**Required action**. Set down, word for word, each line from the top of the data through the line that has "This Luxury beaded"; omit every picture.

**Collection entries**.
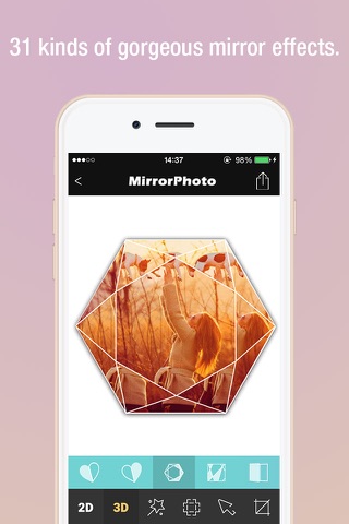 * Select photos from your albums or take a photo, and automatically turn it into a photo with mirror effects.
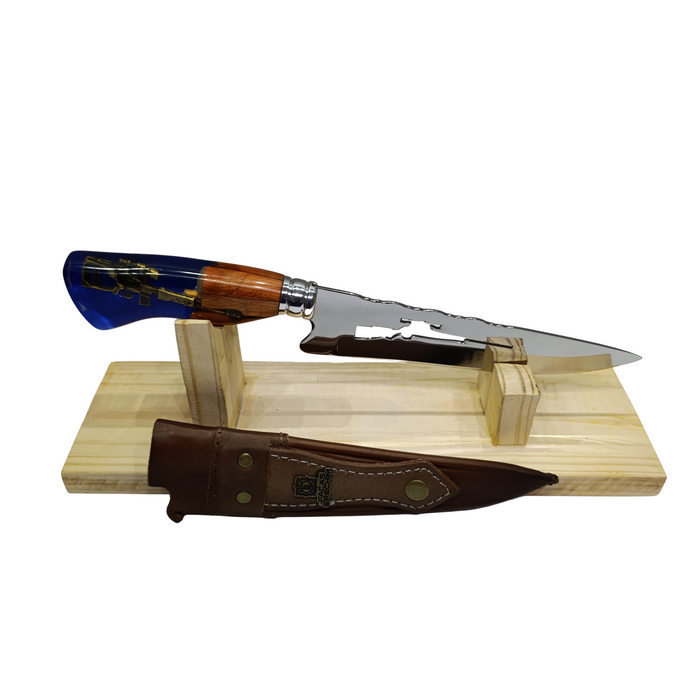 O grande destaque fica por conta do design exclusivo: a lâmina possui imitação de fuzil vazado, e o cabo em madeira e resina traz detalhe interno com imitação de fuzil, resultando em um visual ousado, moderno e diferenciado. A faca acompanha bainha em couro, ideal para proteger a lâmina e facilitar o transporte com segurança e estilo.
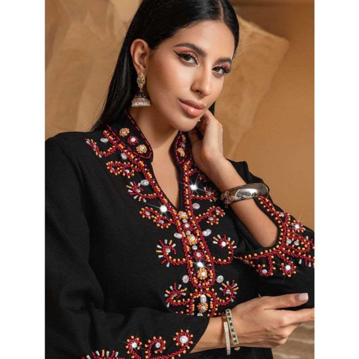 This Luxury beaded embroidered abaya for women made from soft polyester material, offering a refined look with carefully embellished details, elegant design highlights sophistication and completes evening and occasion wear with confident style
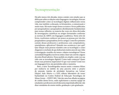 A série Tecnobiografias resulta de reflexões e diálogos que o projeto de extensão Aula Aberta, ligado ao Departamento de Linguagem e Tecnologia do CEFET-MG, estabeleceu com pesquisadoras e pesquisadores de todo o Brasil sobre nossas relações com as tecnologias digitais, em especial durante a pandemia. Organizada pela profa. Ana Elisa Ribeiro e pela mestranda Alícia Teodoro, a série apresenta textos curtos e leves escritos por convidados, buscando trazer à luz as primeiras experiências desses professores e professoras com as Tecnologias Digitais da Informação e da Comunicação (TDIC). As autoras e os autores exploram suas memórias e respondem, com muita leveza e afeto, como tudo começou, qual foi a sensação do primeiro contato com computadores, impressoras, televisão e outros recursos tecnológicos. Neste primeiro volume, a professora Vera Lúcia Menezes de Oliveira e Paiva, da Faculdade de Letras da Universidade Federal de Minas Gerais (UFMG), nos conta como teve contato com computadores e os transformou em seu assunto ao longo de décadas.
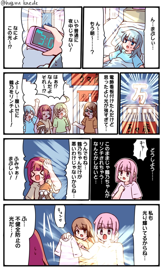 かもれと学ぶ「まぶしい!」某SNS運営会社の看板がすごい光輝いて近所迷惑って記事を見て描きました。 三人ともお誕生日おめでとう #秋野かえで生誕祭 #水波レナ生誕祭 #十咎ももこ生誕祭
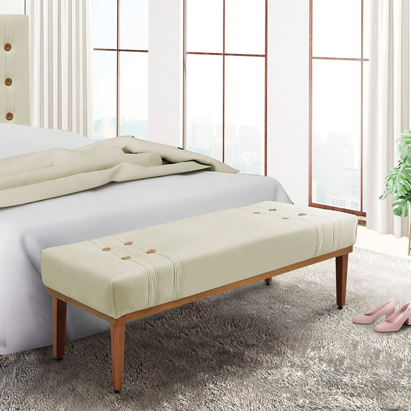 O Divã Recamier Banco Gênova de 160cm é uma peça de mobiliário elegante e funcional, projetada para adicionar um toque de sofisticação e conforto ao seu ambiente. Sua estrutura é construída com madeira de eucalipto reflorestada, garantindo durabilidade e sustentabilidade ambiental. Os pés e a base são feitos de madeira maciça, proporcionando estabilidade e robustez à peça. A densidade da espuma, classificada como D23, assegura um suporte confortável para o usuário, ideal para momentos de relaxamento e descanso. O tecido em Veludo em tom Bege confere um acabamento suave e luxuoso, adicionando um toque de requinte ao design. Os diferenciais incluem botões em madeira cerejeira, que acrescentam um charme adicional, e costura bordada, detalhes que evidenciam a atenção aos acabamentos e o cuidado com os detalhes. Com uma capacidade de suportar até 120 kg, o Divã Recamier Banco oferece conforto e segurança para diferentes usuários. Quanto ao uso, o Divã Recamier Banco pode ser utilizado em diversos ambientes, desde o quarto como um elegante banco no pé da cama, até a sala de estar como um sofá auxiliar ou até mesmo em espaços comerciais, como recepções ou salas de espera, adicionando conforto e estilo onde quer que esteja. Seja como um elemento decorativo ou como um lugar para relaxar, este móvel é uma escolha versátil e elegante para qualquer ambiente. Dimensões do Produto: Altura total: 45 cm Largura total: 160 cm Profundidade total: 50 cm Peso: 14 kg Altura dos Pés: 25 cm Especificações do Produto: Estrutura: Madeira Eucalipto Reflorestada Tipo de pés: Base em Madeira Maciça Densidade da Espuma: D23 Tecido: Veludo Diferenciais: Botões em Madeira Cerejeira e Costura Bordada Peso suportado: Até 120 Kg Garantia: 90 dias contra defeito de fabricação Montagem: O produto é enviado montado, sendo necessário apenas fixar os pés Instruções de limpeza: Utilizar um pano limpo e levemente úmido Você irá receber: 01 Divã Recamier Banco Entregue em: 01 Volume
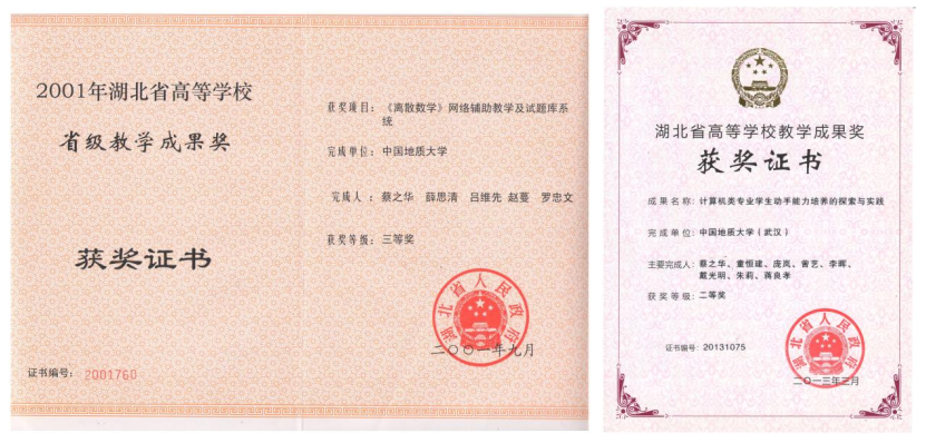 自1986年任教以来,蔡之华老师长期主讲本科生课程和研究生课程,包括数据结构、离散数学、机器学习、计算机应用数学,承担过本科生学务指导老师和班主任工作。他任班主任的班级曾荣获“湖北省优秀班集体”。他非常重视课堂教学,常对学生说:“高效的课堂学习是培养学科兴趣的动力。”蔡老师“组合数学”(学生们习惯称呼,实为“计算机应用数学”)经常板书推导公式,给学生留下了深刻印象。他带领教学团队,积极探索新教学模式,延展课堂教学空域和时域,优化教学交互过程,提升教学质量。他带领的教研团队多次获得湖北省、学校教学成果奖,主持的教研项目获湖北省人民政府二、三等奖各1项,公开发表教研论文5篇,编写教材3部,其中一部获得bat365官方网站普通高校优秀教材一等奖。他是国家一流本科专业“计算机科学与技术”建设点的负责人。
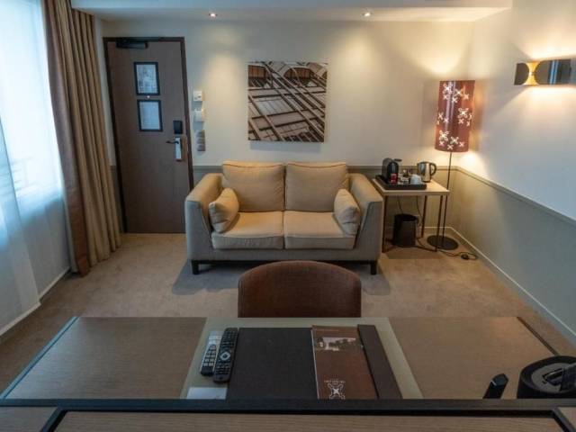 La habitación está decorada con calidez y cuenta con todo lo que necesitas para descansar después de un día largo y agitado. Incluye una ducha, una TV, un minibar, batas y pantuflas. Ten en cuenta que no todas las habitaciones incluyen todos los servicios mencionados.
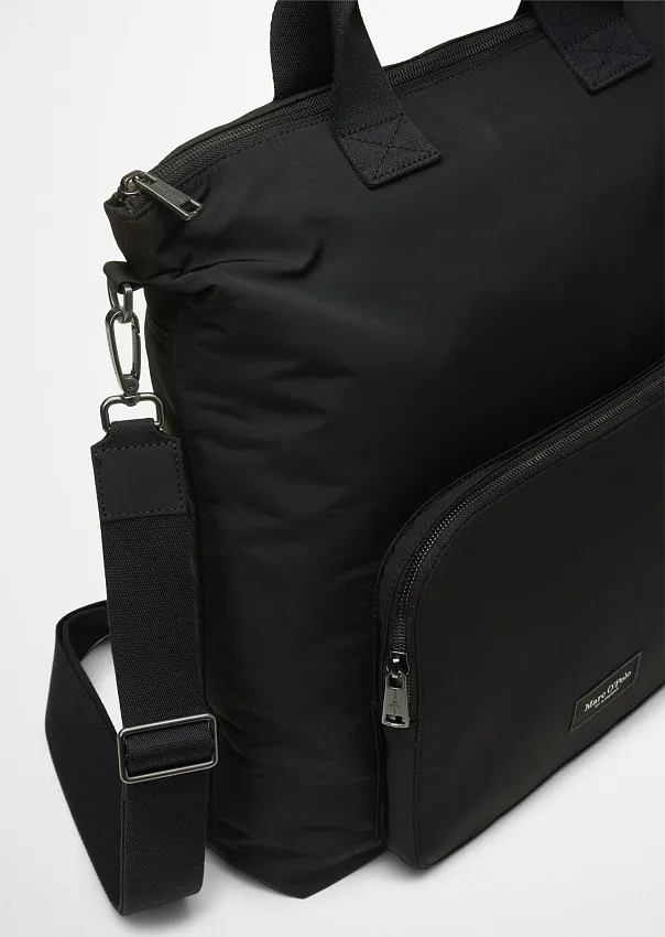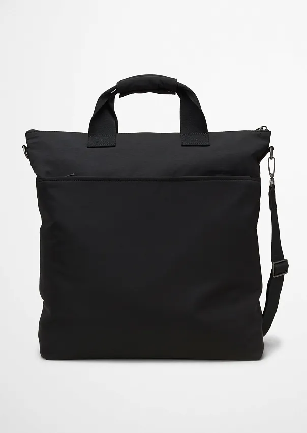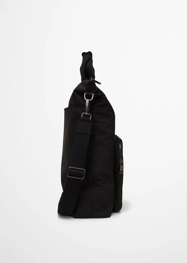 Практичная и экологичная: сумка прямоугольного формата вмещает все самое необходимое. Выполнена из переработанного полиамида с водоотталкивающими свойствами. Вместительное основное отделение с застежкой на практичную молнию дополнено просторным боковым карманом для более грамотной организации хранения. Снаружи расположены дополнительные отсек и карман на молнии. Съемный плечевой ремень регулируется по длине, а благодаря коротким ручкам сумку можно нести в руках. На лицевой стороне расположена нашивка с логотипом. Идеально подходящая для повседневной офисной жизни, отдыха или коротких поездок, эта модель сочетает в себе функциональность и неподвластный времени дизайн. Незаменимый аксессуар на все случаи жизни.
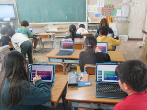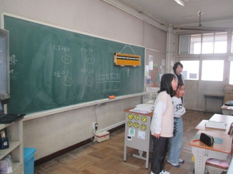 3年 学習のようす 1 公開日 2026/02/24 更新日 2026/02/24 3年生 2月24日(火) 1組の算数は「そろばん」の学習です。1.2+0.4, 4万+3万,2.6-0.3の計算に取り組みました。総合では学年で発表をするときのパワーポイント作りを班で取り組んでいます。 +7

**Response to this exercise**.
 * Select photos from your albums or take a photo, and automatically turn it into a photo with mirror effects.
 O grande destaque fica por conta do design exclusivo: a lâmina possui imitação de fuzil vazado, e o cabo em madeira e resina traz detalhe interno com imitação de fuzil, resultando em um visual ousado, moderno e diferenciado. A faca acompanha bainha em couro, ideal para proteger a lâmina e facilitar o transporte com segurança e estilo.
 This Luxury beaded embroidered abaya for women made from soft polyester material, offering a refined look with carefully embellished details, elegant design highlights sophistication and completes evening and occasion wear with confident style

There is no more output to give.